Cwmllynfell is a village, community and electoral ward in Neath Port Talbot county borough, Wales.

== Amenities ==
Cwmllynfell has its own local rugby union team - Cwmllynfell RFC. Also, a bilingual primary school, supermarket, post office, village hall, church and chapels. Nearby there is the Black Mountain which supplies views to the village.

== Electoral ward ==
The electoral ward consists of some or all of the following areas: Blaen-nant, Bryn-Melyn, Celliwarog, Cwmllynfell, Rhiw-fawr in the parliamentary constituency of Neath.
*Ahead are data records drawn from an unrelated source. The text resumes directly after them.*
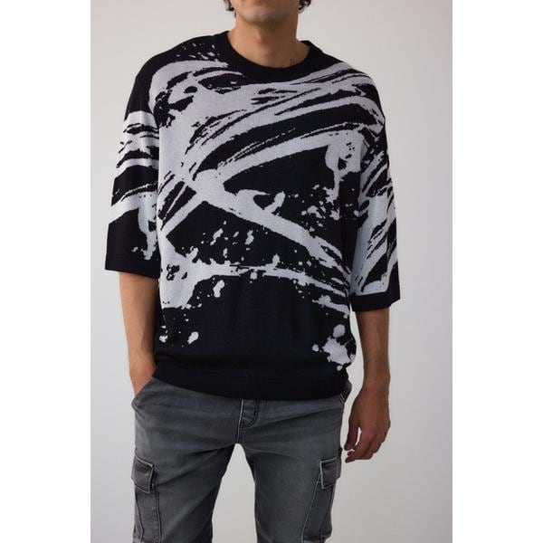 ■アブストラクトジャガード5分袖ニット■ポイント幾何学柄がお洒落な5分袖ニットです。■ディティール1サイズでややゆったりシルエットになります。5分袖なので寒い時期はインナーとして、暖かくなったら1枚着として、幅広くお使い頂けます。■スタイリングスキニーデニム合わせでカジュアルに着ていただくのがおすすめです。■生地強撚のレーヨンを使用した素材でドライ感を表現しました。特に、ホワイトボディにブラック柄の色を重ねて編んでいるため、強配色により、ホワイト地のブラックの透けが目立ちます。ダブルジャガードの生産工程の特徴で、避けられませんので、ご了承ください。透け感:なし裏 地:なし伸縮性:なし光沢感:ややあり[注意事項]※画像の商品はサンプルです。実際の商品と仕様、加工が若干異なる場合があります。※画像の商品は光の照射や角度、お使いのモニター環境により、実物と色味が異なる場合がございます。※着用、お取り扱いの際は、アテンションタグをご確認ください。
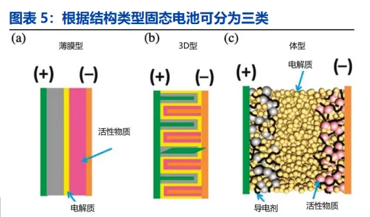 分类:1)锂电根据电解液含量可分为四类:液态、半固态、准固态和全固态。液态锂电电解液含量超 25wt%,半固态/准固态电池保留 10wt%以下液态电解液,全固态不含液态电解液。2)根据电解质种类可将固态电池分为四类。主要包括氧化物、硫化物、聚合物和卤化物。3)根据结构类型可将固态电池分为三类。主要包括薄膜型、3D 型和体型。受限于技术水平,目前以采用氧化物、聚合物的半固态电池为主,体型硫化物全固态是趋势。
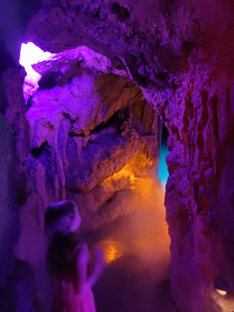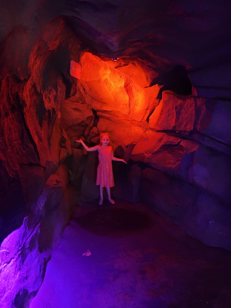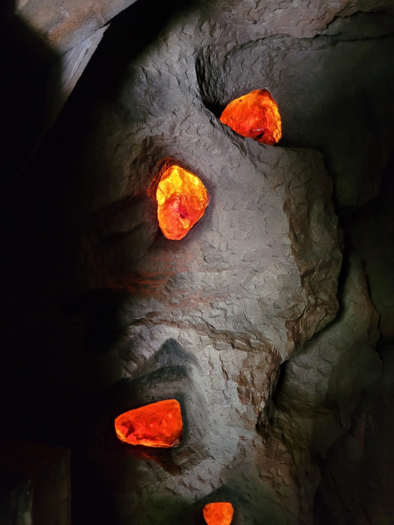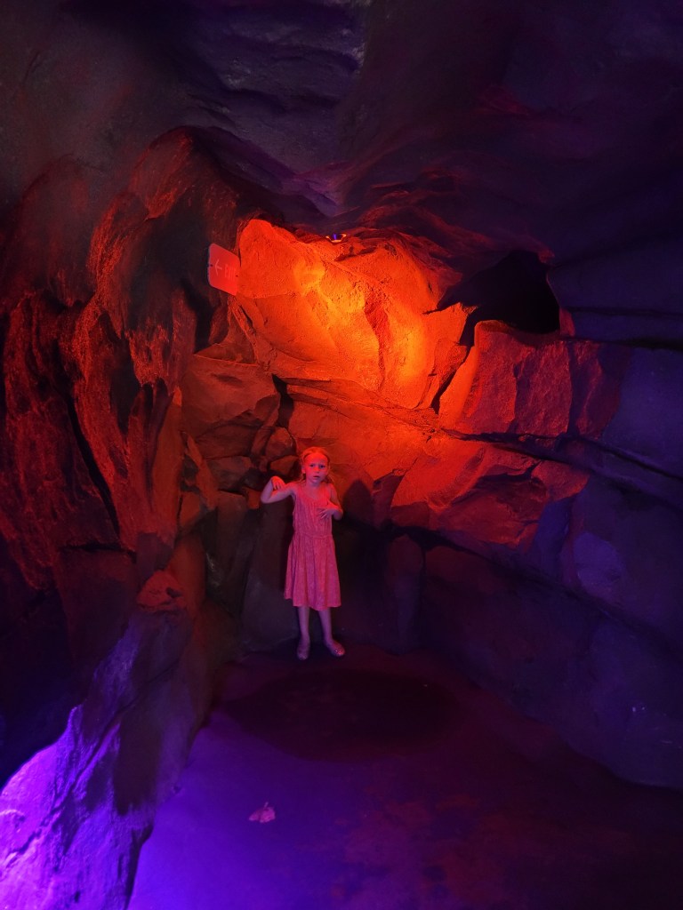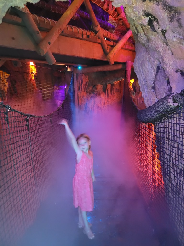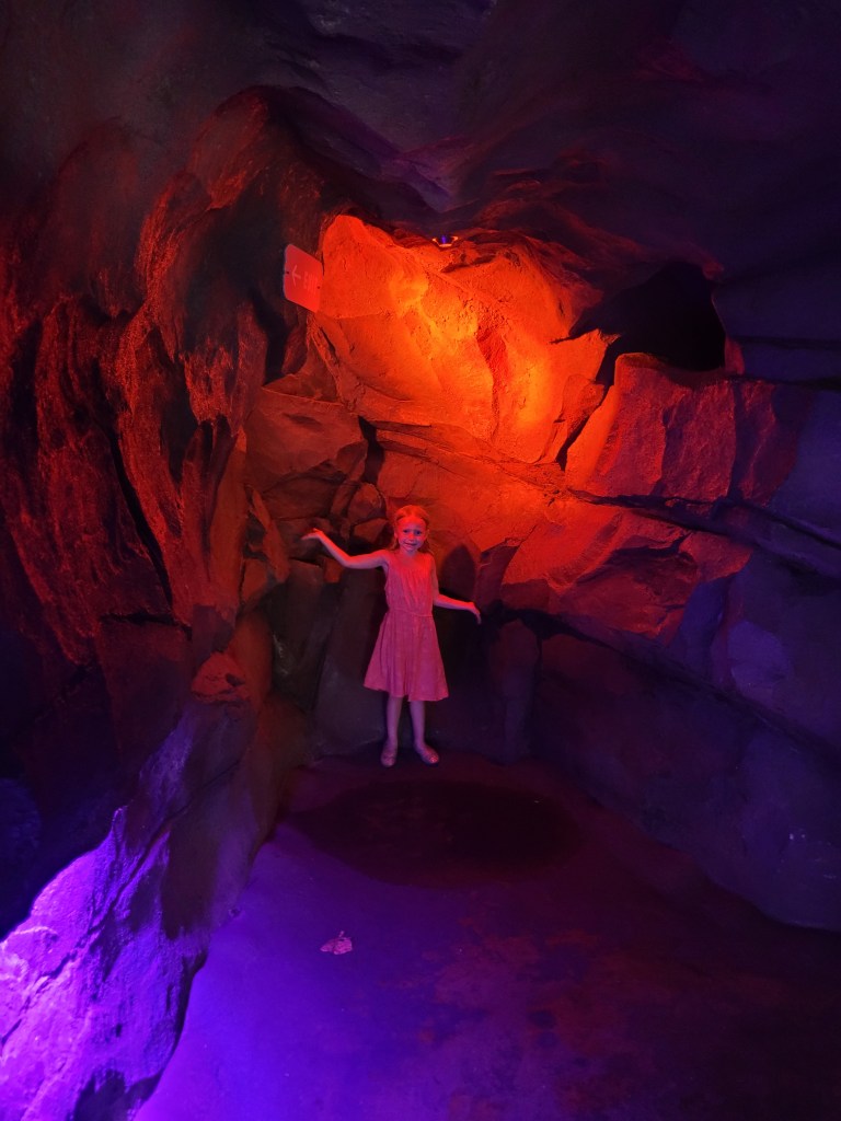 Next up was Jurassic Park (my personal favorite that is tied with Harry Potter 😃) where we went on Jurassic Park River Adventure. Maddie has been on this before, and she seemed to enjoy it in the past, but on this day… she did not enjoy it… at all 😓😤 she stated she never wanted to ride it again as we got off 🤷♀️( sad day for me if I want to ride it again while I’m with her). We then headed to Camp Jurassic where we finally experienced the amber caves!!!

Cwmllynfell is bounded by the wards of Quarter Bach of Carmarthenshire to the northeast; Cwmtwrch of Powys to the east; Ystalyfera to the southeast; Pontardawe to the southwest; Gwaun-Cae-Gurwen to the west and Lower Brynamman to the northwest.

In the 2017 local council elections the results were:

| Candidate | Party | Votes | Status |
|---|---|---|---|
| Hugh Jones | Plaid Cymru | 283 | Plaid Cymru gain |
| Kris Lloyd | Labour | 194 |  |

In the 2012 local council elections the turn out was 49.78%. The results were:

| Candidate | Party | Votes | Status |
|---|---|---|---|
| Clifford Richards | Labour | 348 | Labour hold |
| David James | Plaid Cymru | 110 |  |

==Earthquake==
At 14:31 on 17 February 2018 a field 2¼ miles south-southwest of the village near Gwrhyd Chapel was the epicentre of a 4.6 magnitude earthquake, the largest in the British Isles since 2008. The quake was felt as far away as Blackpool.